D. Dowd Muska

 

A Clear-Cut Prospect for Economic Growth

February 06, 2014

It’s probably news to a Burlington barista or Rutland reflexologist, but more than 5,000 Green Mountain State residents earn their livelihoods from the murder of trees.

That’s the finding of “The Economic Importance of Vermont’s Forest-Based Economy.” Published by the North East State Foresters Association (and “funded by the U.S. Endowment for Forestry and Communities through the Northern Forest Center and the Vermont Department of Forests, Parks and Recreation, with assistance from the Vermont Agency of Commerce, Vermont Woodlands Association, Vermont Wood Manufacturers Association, The New England Society of American Foresters, and the Plum Creek Foundation”), the report puts the annual payroll for direct timber workers at $34 million. The comparable figure for employment in primary and secondary wood manufacturing is $116 million.

When businesses that harvest and process trees can’t be exterminated in the state with the most hippies per square mile, it’s worth taking notice.

Notwithstanding the wailing of populists -- vote-begging pols and talk-radio gabbers on the right, union activists and industrial-policy wonks on the left -- America stubbornly continues to “make things.” Mining is thriving, due in part to Federal Reserve-hating gold hoarders and ravenous demand abroad. The real energy sector -- hydrocarbons, not solar panels, wind turbines, and fuel cells -- is undergoing a renaissance that conventional “wisdom” did not anticipate. (Exports of natural gas and oil are not far off.) Factories have experienced remarkable job growth -- 568,000 new positions in the last four years, with hundreds of thousands more vacant for want of skilled labor. And although it doesn’t draw much media coverage, the wood industry is on the upswing.
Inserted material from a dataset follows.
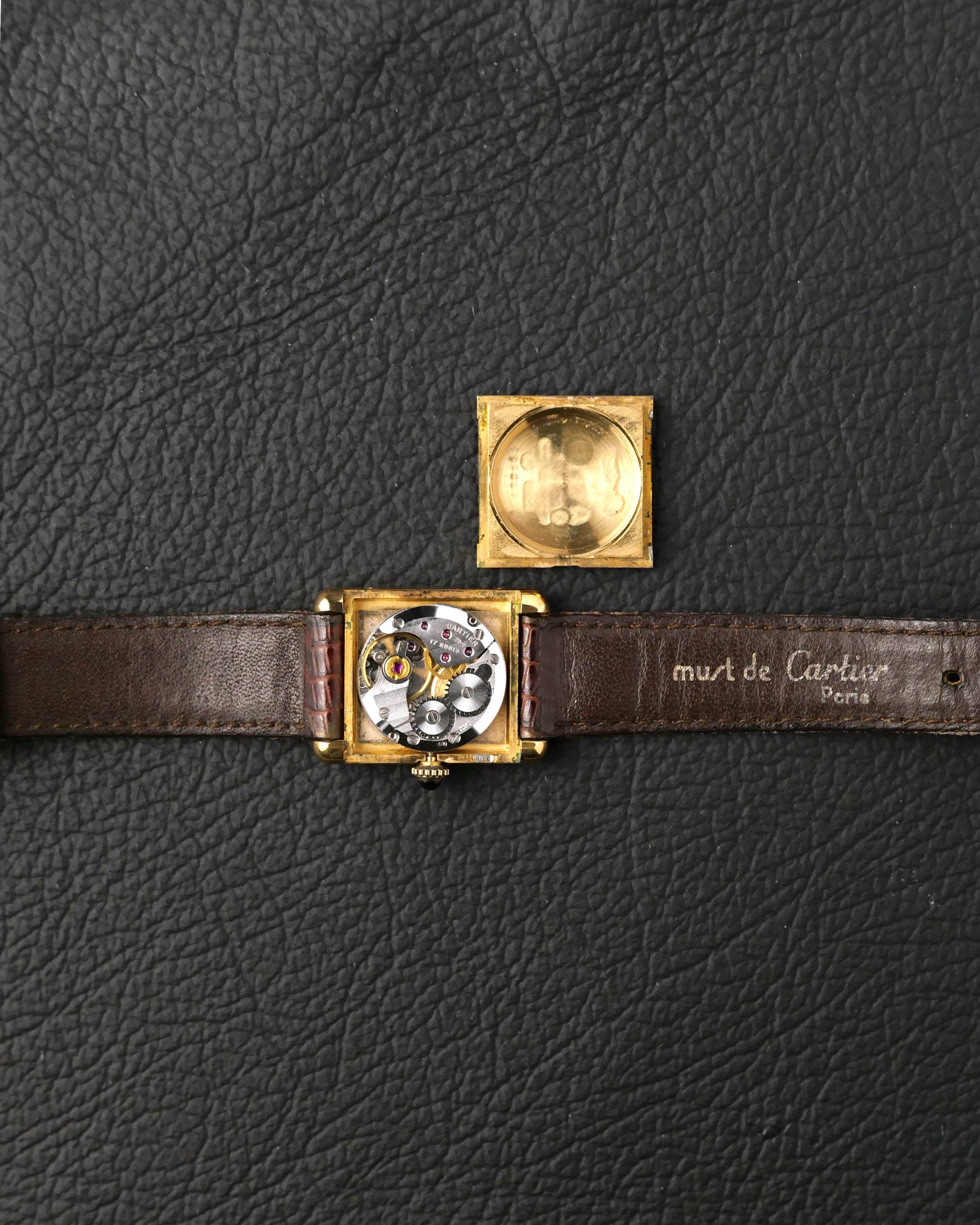9/10, with minimal light hairlines. Crystal has a few tiny marks visible only under a loupe. Hands clean. Lacquer dial has subtle spidering, a lot less than normal for the age and indicate unreplaced originality. Caseback engravings/hallmarks deep and crisp. Original Cartier strap in usable used condition. Original Cartier buckle has light hairlines. Movement in very good health with above-spec power reserve, strong amplitude, low beat error and accuracy ±10 secs/day averaged from 6 timegrapher positions.

In the 1950s, the U.S. employed over 100,000 lumberjacks. Jobs dipped, as labor productivity soared, the postwar housing boom faded, wood alternatives stole market share, and “environmental” activism intensified. When the Great Recession arrived, America had 59,200 loggers. Employment hit bottom at 47,400, in October 2011, but nearly 5,000 jobs have returned.

The story’s the same for forest-products manufacturing. It was brutalized by the twin blows of the housing bust and Bush-Obama economic apocalypse. Between 2005 and 2009, lumber output declined by 42 percent. Many sawmills closed, and others operated at greatly reduced capacities. More than 240,000 jobs vanished between 2006 and 2011. Happily, around 20,000 have come back.

A falling birthrate and economic malaise likely ensure that domestic wood demand will not regain its peak. But globalization supplies salvation. The U.S. Forest Service recently reported that compared to 2012, during the first three quarters of 2013, the value of lumber exports increased by over 14 percent, while the value of log exports rose by more than 28 percent. Shipments to China are driving growth, with sales surging from next to nothing a decade ago to over $2 billion in 2013. Wood pellets offer a fresh export opportunity. Gulf Coast Renewable Energy is building two facilities in Mississippi with a combined capacity of 640,000 tonnes per year. A competitor, Green Circle Bio Energy, is augmenting its Florida plant with one in the Magnolia State. (Europeans, deeply mired in the thrall of climate-change hysteria, mix the pellets with coal to reduce the continent’s “carbon footprint.”)

What’s needed for wood’s rebound to last? Workforce issues are paramount. The North East State Foresters Association warns that the industry it represents is “old and getting older.” According to the Arkansas Forest Resources Center’s Matthew Pelkki, the average age of a logger in his state is 55. With pols and educrats peddling the expensive and dunderheaded notion that everyone should go to college, young adults with no appetite for book learnin’ need to consider the wonderful world of wood.

Energy poses another obstacle. Cheap natural gas is welcome, and evidently here to stay, but chopping, transporting, and processing trees consumes quite a lot of gasoline, diesel, and electricity. Tax hikes, unnecessary air-quality regulations, and mandates for “green” power all threaten to drive up energy costs.

Finally, too much of the Republic’s forestland is under Washington’s thumb. Almost 70 percent of the West’s timber is controlled by government agencies -- with the Forest Service as top boss. Allocative efficiency is impossible when politicians and bureaucrats, rather than producers and consumers, make decisions. The federal government needs to exit the land business, pronto. Market-driven tree harvesting -- accountable to shareholders, customers, and science-based environmental protections -- would create more jobs and wealth than the current system of “public” management.

Four centuries after civilization came to the New World, we’re still cutting trees and putting them to use. There’s no reason to stop.